This work proposes VLLVE, a view-aware low-light video enhancement framework designed to address the severe visual degradation caused by extreme underexposure and noise in low-light videos. By decoupling view-invariant (intrinsic appearance) and view-dependent (illumination) components, VLLVE introduces a spatial-temporal decomposition paradigm through a dual-structured encoder-decoder architecture with additive residual blocks. The framework jointly optimizes enhancement and degradation processes by incorporating cross-frame correspondence modeling, scene continuity constraints, and an end-to-end bidirectional learning mechanism. Extensive experiments on standard benchmarks demonstrate that VLLVE achieves superior robustness and visual quality in real-world complex dynamic scenes.

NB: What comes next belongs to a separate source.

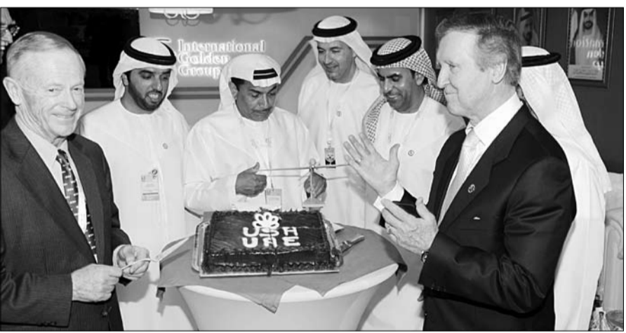
من أشهر الشركات في هذا المجال. وجرى توقيع اتفاقية تعاون مع شركة تكستر الفرنسية المتخصصة الدفاعية للمعدات الدفاعية العسكرية والذخائر وذلك لتوزيع منتجات الشركة في دولة الإمارات العربية المتحدة.

منه. وأضافت أنها تعرض برنامج تطوير المروحيات طراز اوغستا بل 212 التي تمتلكها القوات البحرية الاسبانية.. مشيرة إلى أن البرنامج يشمل تحديث تلك المروحيات لتمديد حياتها العملية لفترة 15 سنة أخرى من طريق تزويدها بمعدات طيرات وأنظمة اتصالات حديثة. يذكر أن مجموعة سينر تأسست عام 1956 وتمتلك خبرة واسعة في عدة مجالات من بينها أنظمة الدفاع البحرية والفضاء وتشارك في صناعة محرك تي بي 400 يوروپروب لطائرة الإيرباص العسكرية وفي إنتاج مرواح وأنظمة أخرى في مقاتلة اليورفايتر.

Low-Light Video Enhancement (LLVE) seeks to restore dynamic or static scenes plagued by severe invisibility and noise. In this paper, we present an innovative video decomposition strategy that incorporates view-independent and view-dependent components to enhance the performance of LLVE. The framework is called View-aware Low-light Video Enhancement (VLLVE). We leverage dynamic cross-frame correspondences for the view-independent term (which primarily captures intrinsic appearance) and impose a scene-level continuity constraint on the view-dependent term (which mainly describes the shading condition) to achieve consistent and satisfactory decomposition results. To further ensure consistent decomposition, we introduce a dual-structure enhancement network featuring a cross-frame interaction mechanism. By supervising different frames simultaneously, this network encourages them to exhibit matching decomposition features. This mechanism can seamlessly integrate with encoder-decoder single-frame networks, incurring minimal additional parameter costs. Building upon VLLVE, we propose a more comprehensive decomposition strategy by introducing an additive residual term, resulting in VLLVE++. This residual term can simulate scene-adaptive degradations, which are difficult to model using a decomposition formulation for common scenes, thereby further enhancing the ability to capture the overall content of videos. In addition, VLLVE++ enables bidirectional learning for both enhancement and degradation-aware correspondence refinement (end-to-end manner), effectively increasing reliable correspondences while filtering out incorrect ones. Notably, VLLVE++ demonstrates strong capability in handling challenging cases, such as real-world scenes and videos with high dynamics. Extensive experiments are conducted on widely recognized LLVE benchmarks.